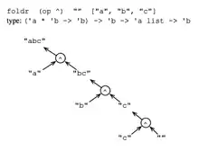 - foldr (op ^) "" ["abc","def","ghi"];
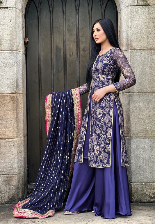 NAVY 3PC PLACHI SHARARA-PRE ORDER 8 WEEKS
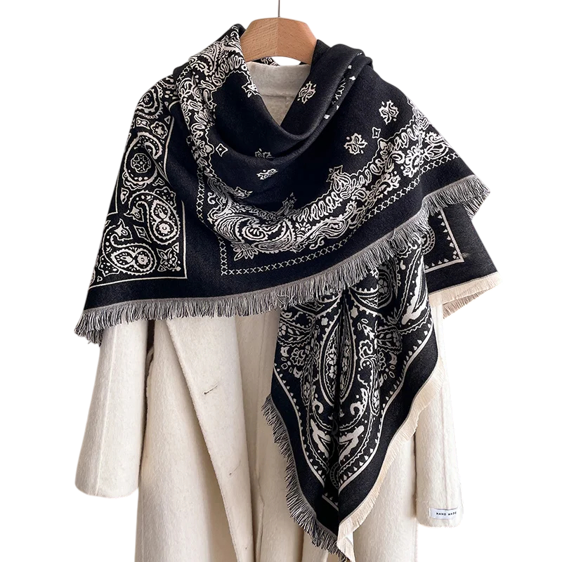 - Margini franjurate care oferă eșarfei un aspect elegant

::::::::

Copying starts at the line containing "NAVY 3PC PLACHI SHARARA-PRE ORDER 8 WEEKS" and ends at the last line of the material above; repeat only those lines exactly and omit the pictures.

Exercise result -
 NAVY 3PC PLACHI SHARARA-PRE ORDER 8 WEEKS
 - Margini franjurate care oferă eșarfei un aspect elegant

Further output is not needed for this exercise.